[Records — start]

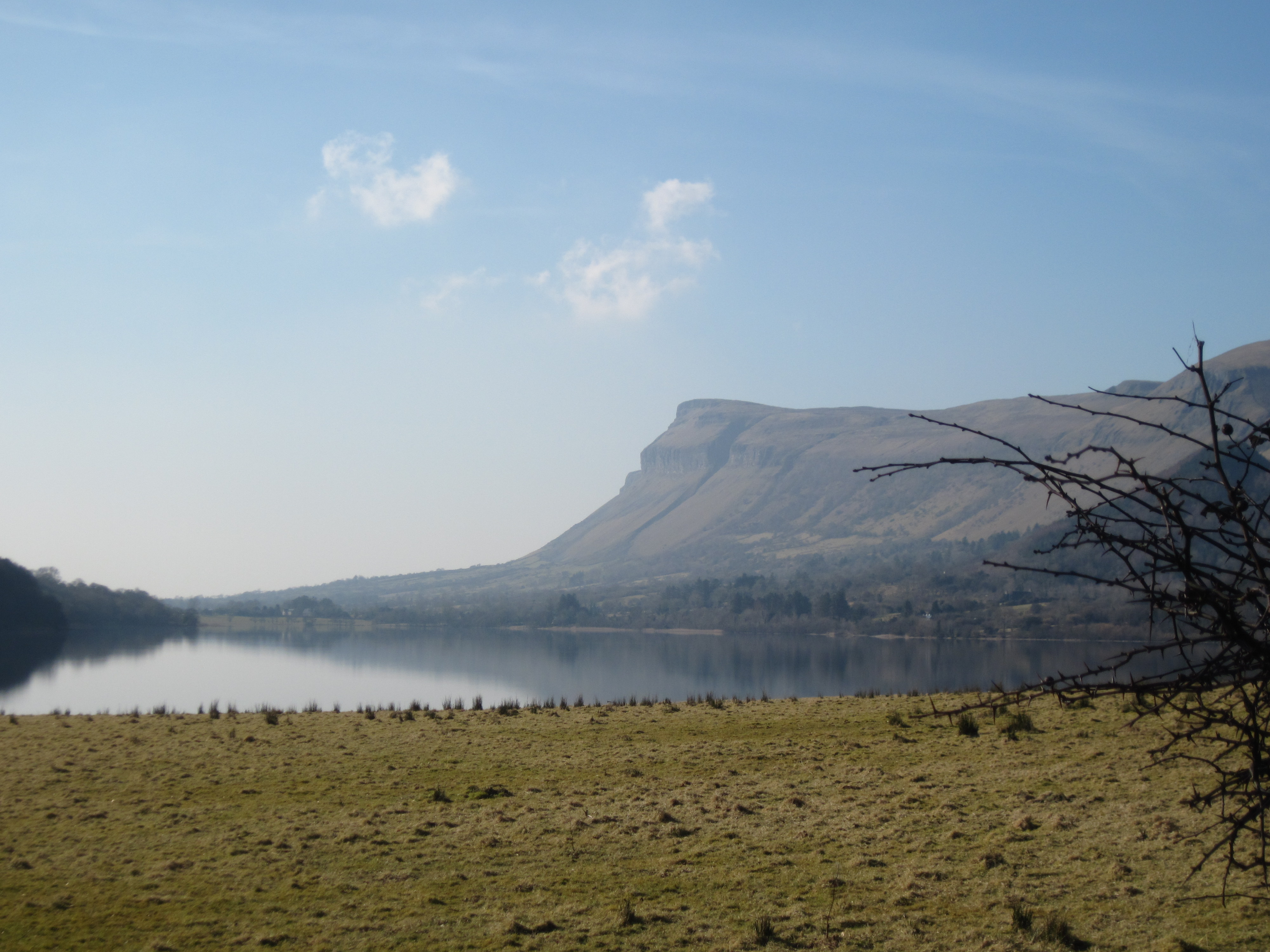 Glencar Lough and Benbulbin - westward view
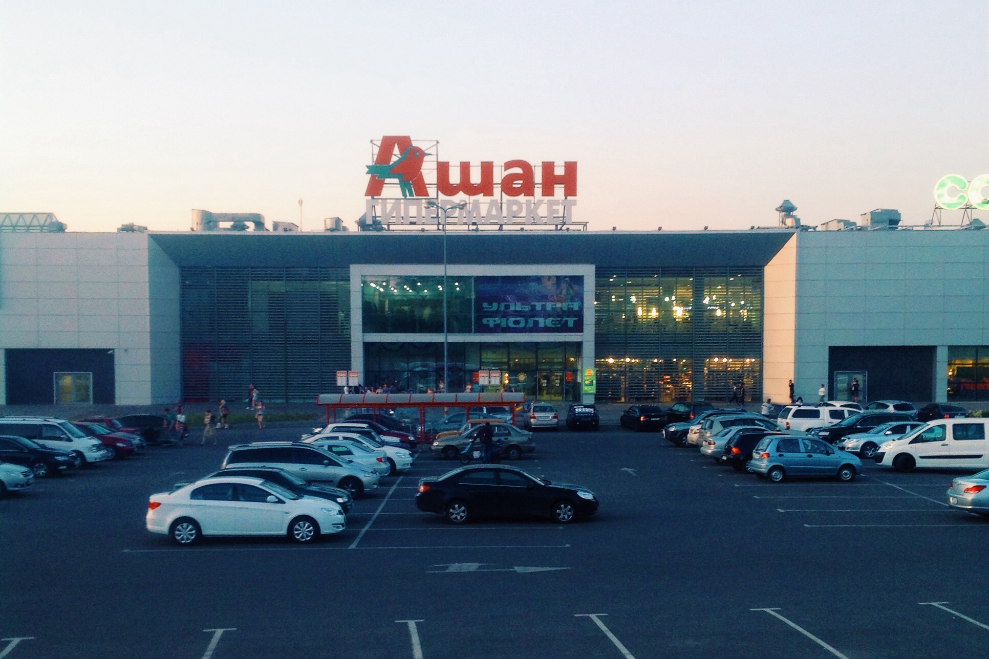 Auchan Ukraine
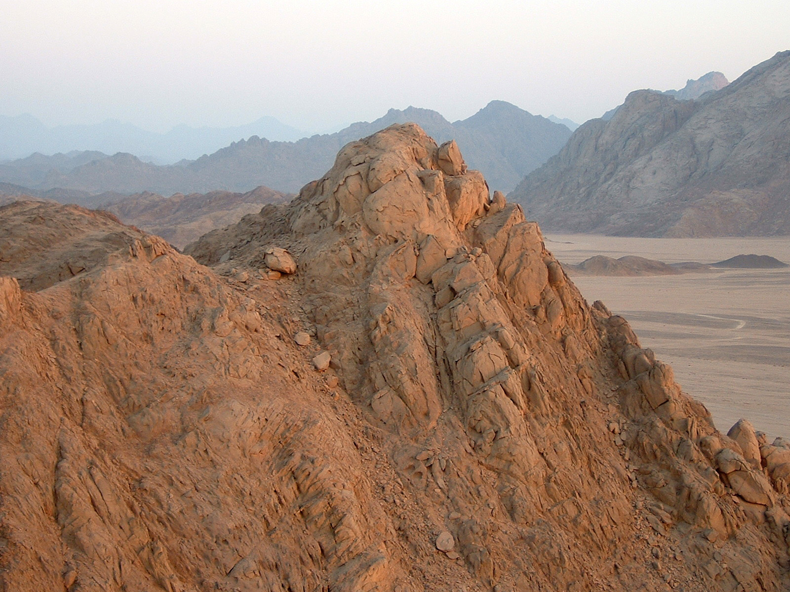 Mountains in the desert near the Red Sea
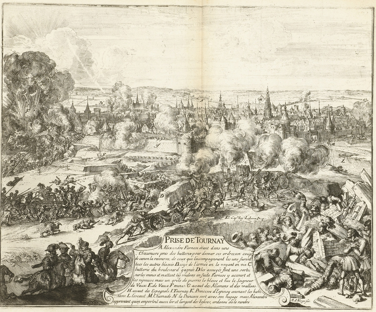 Siege the city of Doornik 1581
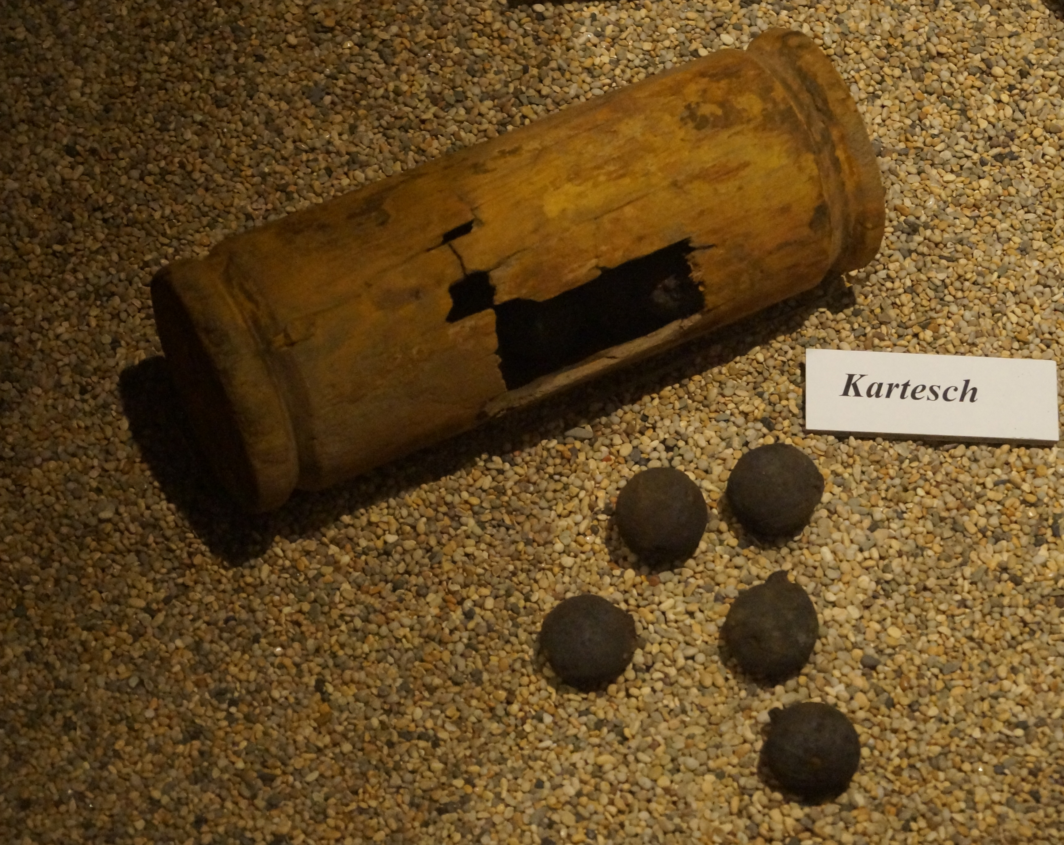 A canister shot salvaged from Kronan (ship), exhibited at Kalmar läns Museum.

[Records — finish]

Problem statement – Once you reach the line containing "Mountains in the desert near the Red Sea", print it and every line after it exactly, through the end of the entries, without any pictures.

The completed task –
 Mountains in the desert near the Red Sea
 Siege the city of Doornik 1581
 A canister shot salvaged from Kronan (ship), exhibited at Kalmar läns Museum.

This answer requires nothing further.